Proportion of Control group sessions with errors: 18.39%


process_step
start     15287
step_1     6567
step_2     4397
step_3      121
Name: count, dtype: int64

# 3.3. Redesign outcome

In [18]:
# Test group has higher completion rate
print("The proportion of Test group reaching the final 'confirm' step: ", f"{completion_rate_test:.2%}")
print("The proportion of Control group reaching the 'confirm' step is: ", f"{completion_rate_control:.2%}\n")

# Control group has lower average time spent between steps
for start_step, end_step in step_pairs:
    test_str = test_durations.get((start_step, end_step), "No data")
    control_str = control_durations.get((start_step, end_step), "No data")
    print(f"Transition from '{start_step}' to '{end_step}':")
    print(f"  Test group: {test_str}")
    print(f"  Control g.: {control_str}\n")

# Control group has lower proportion of sessions with errors.
print(f"Proportion of Test group sessions with errors: {test_error_rate:.2%}")
print(f"Proportion of Control g. sessions with errors: {control_error_rate:.2%}")

The proportion of Test group reaching the final 'confirm' step:  14.19%
The proportion of Control group reaching the 'confirm' step is:  13.32%

Transition from 'start' to 'step_1':
  Test group: 0d 0h 0m 52s
  Control g.: 0d 0h 0m 53s

Transition from 'step_1' to 'step_2':
  Test group: 0d 0h 1m 1s
  Control g.: 0d 0h 0m 56s

Transition from 'step_2' to 'step_3':
  Test group: 0d 0h 1m 44s
  Control g.: 0d 0h 1m 44s

Transition from 'step_3' to 'confirm':
  Test group: 0d 0h 2m 13s
  Control g.: 0d 0h 2m 16s

Proportion of Test group sessions with errors: 20.56%
Proportion of Control g. sessions with errors: 18.39%


# 4. Hypotheses testing

## 4.1. completion rate
Test group had a higher completion rate compared to the Control group.\
H0: This difference is not statistically significant.\
H1: The difference is statistically significant.

In [19]:
# Calculate completion rates and number of observations
x1, x2 = (df_test_group['process_step'] == 'confirm').sum(), (df_control_group['process_step'] == 'confirm').sum()
n1, n2 = len(df_test_group), len(df_control_group)

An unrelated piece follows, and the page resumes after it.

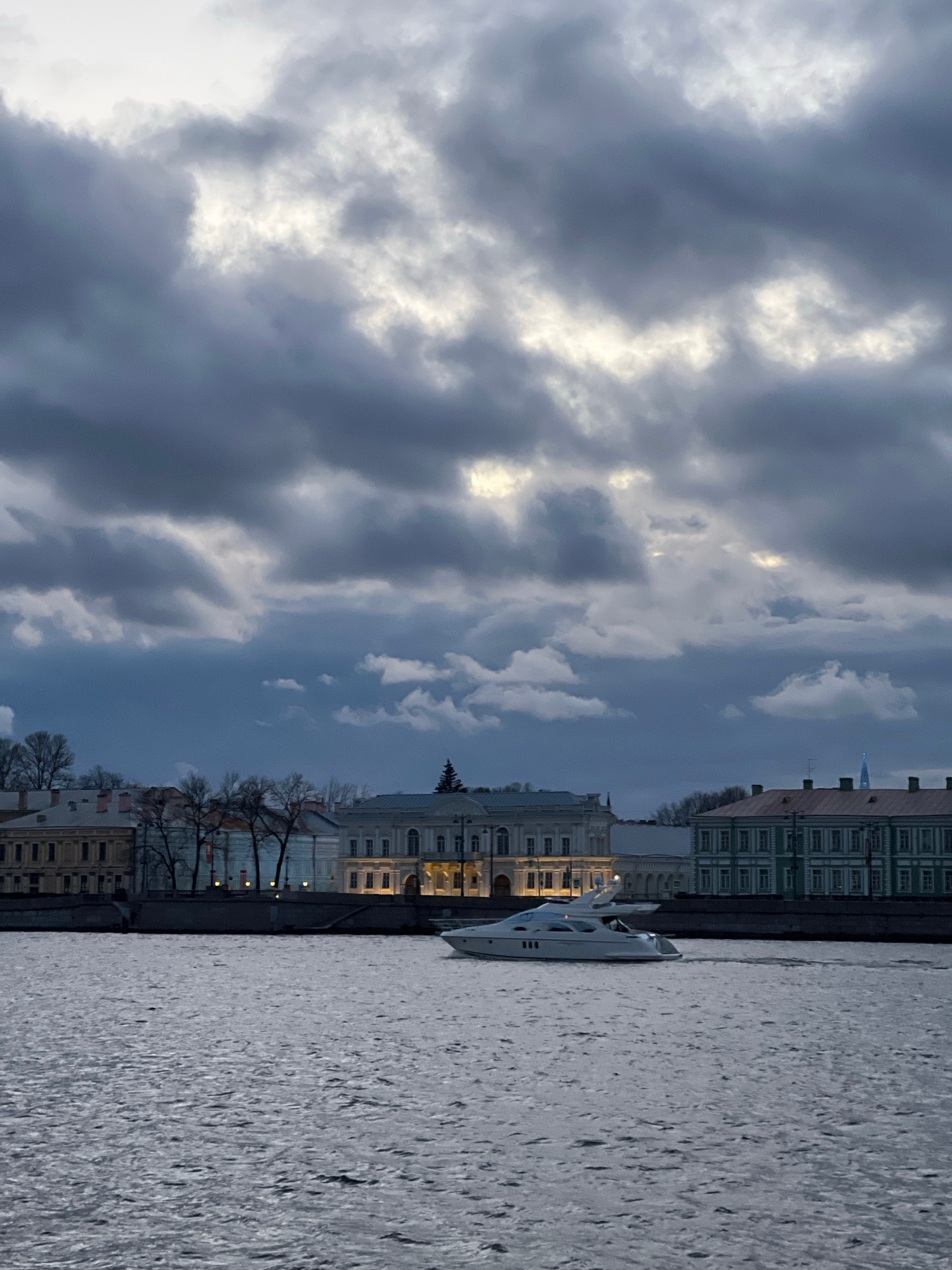 The image depicts a cityscape in Saint Petersburg, Russia, under a cloudy sky. A body of water, likely a river or canal, fills the foreground. A yacht is docked along the embankment. Buildings line th…read more

# Part 1: Two-sided test for completion rate comparison
stat, pval = proportions_ztest([x1, x2], [n1, n2], alternative='two-sided')
print("Part 1 - Completion Rate Comparison")
print(f"Z-statistic: {stat:.2f}, P-value: {pval:.4f}")

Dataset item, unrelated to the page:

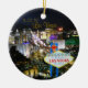 O ornamento da árvore de Natal de Las Vegas mostrado aqui com uma data personalizada comemorada neste ornamento de Natal. Áreas de texto são modelos que podem ser excluídos ou alterados clicando primeiro na caixa azul "editar design" à direita do item. Adicione o ano atual ou o seu aniversário ou primeiro Natal juntos. Design apresenta uma fotografia aérea noturna da famosa "Strip" com marcos icônicos, assim como o famoso neon bem-vindo ao fabuloso sinal de Las Vegas.
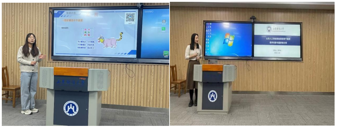 分享环节两位参训青年教师结合各自的培训内容进行了30分钟的展示分享。绳鸿燕老师围绕在北京外国语大学参加的高校青年教师教学能力提升示范培训,交流了心得体会,并就如何增强教学互动性、参与度与有效性等内容展开分享,为参加活动的青年教师提供了有益借鉴。吴忻冉老师分享了在武汉大学参加的“山东人工智能赋能高校骨干教师教学创新专题研究”的培训感悟,系统阐述了人工智能在“教、学、管、评”四个维度的应用价值,并对AI技术助力教师教学能力提升的路径进行了交流探讨。

# Interpretation for Part 1
alpha = 0.05
if pval < alpha:
    print("Reject H0: Significant difference in completion rates between the Test and Control groups.")
else:
    print("Fail to reject H0: No significant difference in completion rates.")

# Part 2: One-sided test for comparing against Control + 5%
# Adjusted completion rate for Control by adding 5%
control_completion_rate_adjusted = (x2 + 0.05 * n2) / n2

# Comparing Test completion rate directly to adjusted Control rate
print("\nPart 2 - Completion Rate with Cost-Effectiveness Threshold")
completion_rate_test = x1 / n1
if completion_rate_test > control_completion_rate_adjusted and pval < alpha:
    print(f"Reject H0: Test group's completion rate exceeds Control's by >5%, indicating cost-effectiveness.")
else:
    print("Fail to reject H0: Test group's completion rate does not exceed Control's by >5%, indicating lack of cost-effectiveness.")

Part 1 - Completion Rate Comparison
Z-statistic: 10.87, P-value: 0.0000
Reject H0: Significant difference in completion rates between the Test and Control groups.

Part 2 - Completion Rate with Cost-Effectiveness Threshold
Fail to reject H0: Test group's completion rate does not exceed Control's by >5%, indicating lack of cost-effectiveness.


# 4.2. error rate
Test group had a higher error rate 26,8% compared to the Control group 20.22%.\
H0: This difference is not statistically significant.\
H1: The difference is statistically significant.

In [20]:
# Calculate error rates and number of observations
x1, x2 = error_sessions_test, error_sessions_control
n1, n2 = total_sessions_test, total_sessions_control

# Part 1: Two-sided test for error rate comparison
stat, pval = proportions_ztest([x1, x2], [n1, n2], alternative='two-sided')
print("Error Rate Comparison Between Test and Control Groups")
print(f"Z-statistic: {stat:.2f}, P-value: {pval:.4f}")

# Interpretation
alpha = 0.05
if pval < alpha:
    print("Reject H0: Significant difference in error rates between the Test and Control groups.")
else:
    print("Fail to reject H0: No significant difference in error rates.")

Error Rate Comparison Between Test and Control Groups
Z-statistic: 12.25, P-value: 0.0000
Reject H0: Significant difference in error rates between the Test and Control groups.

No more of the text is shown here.